Sometimes, a brute force solution is acceptable

Here is an interesting problem from Stackoverflow. Basically, the OP has a bunch of strings which I will refer to as identifiers. These strings consist of a bunch of English words and the occasional abbreviation, such as desc, run together as in bankaccountstatusdesc. The task is to turn that string into bank account status desc.

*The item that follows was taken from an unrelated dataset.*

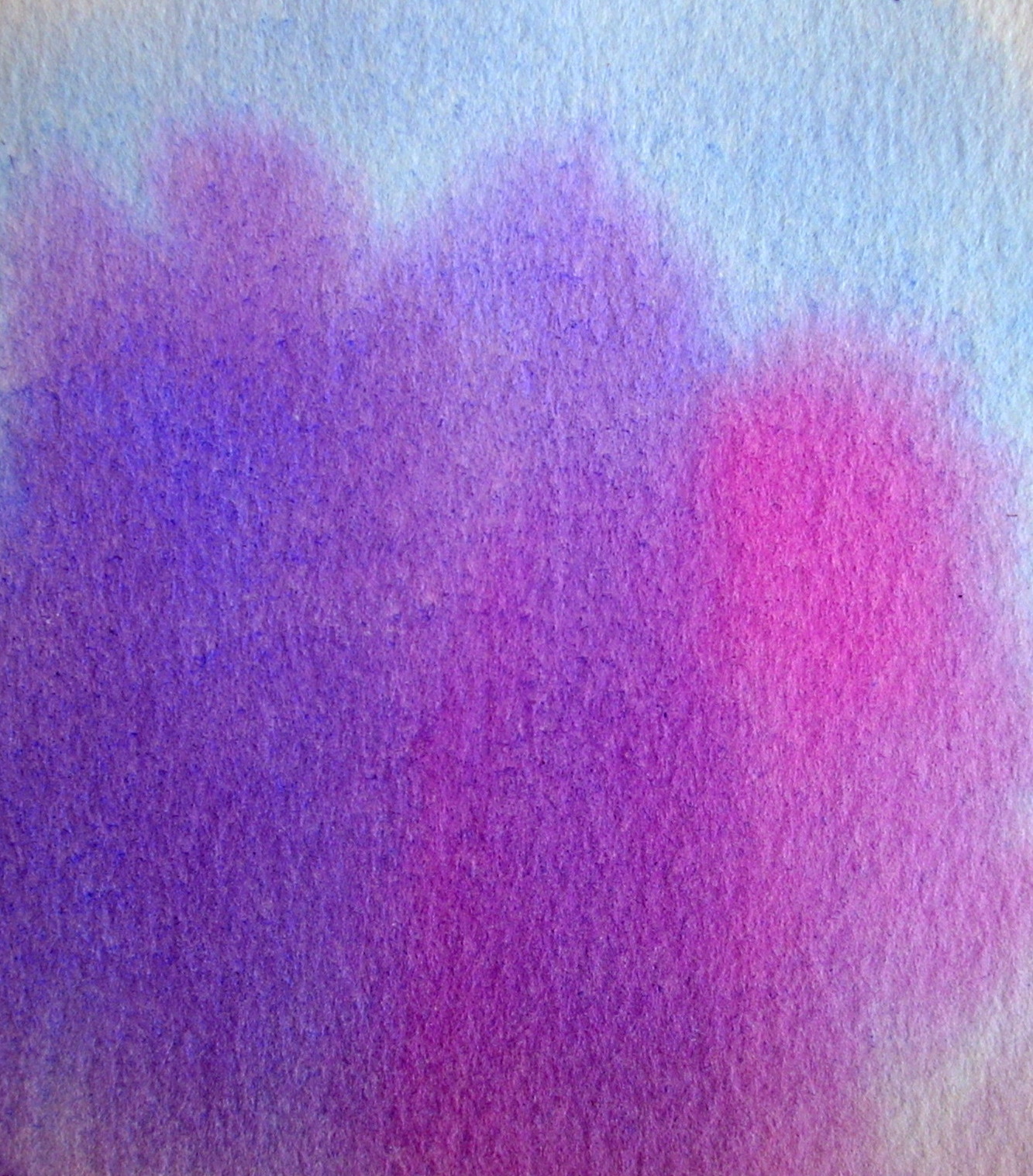 In the left hand side of the sample below, the back run (orange) is caused by uneven wetting of the paper. On the right hand side, the paper had begun to lose its sheen (sheen is the reflection of light caused by water on the paper surface when it is wetted) before the colors were dropped, leading to the colors staying put and not getting blended.

I do not know how to write a 100% accurate solution for this problem. I don't know if it is even possible to do that. However, it took me about 10 minutes to come up with a possibly good enough solution and with another half an hour to refine it a little.

The inspiration came from James Hague's wonderful essay A Spellchecker Used to Be a Major Feat of Software Engineering. As someone who had to fight with WordStar's .ovl files and who once wrote memory bank switching code on a ZX Spectrum 128, I really appreciated that essay.

The idea is simple: Pretty much evey *nix out there comes with a /usr/share/dict file consisting of English words. First, create a pattern consisting of all of those words (ignoring anything shorter than three characters, sorting by length of word and alphabetically). Then, match each identifier progressively starting from the end of the identifier against this pattern, removing matched portions. If, at the end of this, there is anything remaining in the original string, flag that particular identifier for human attention.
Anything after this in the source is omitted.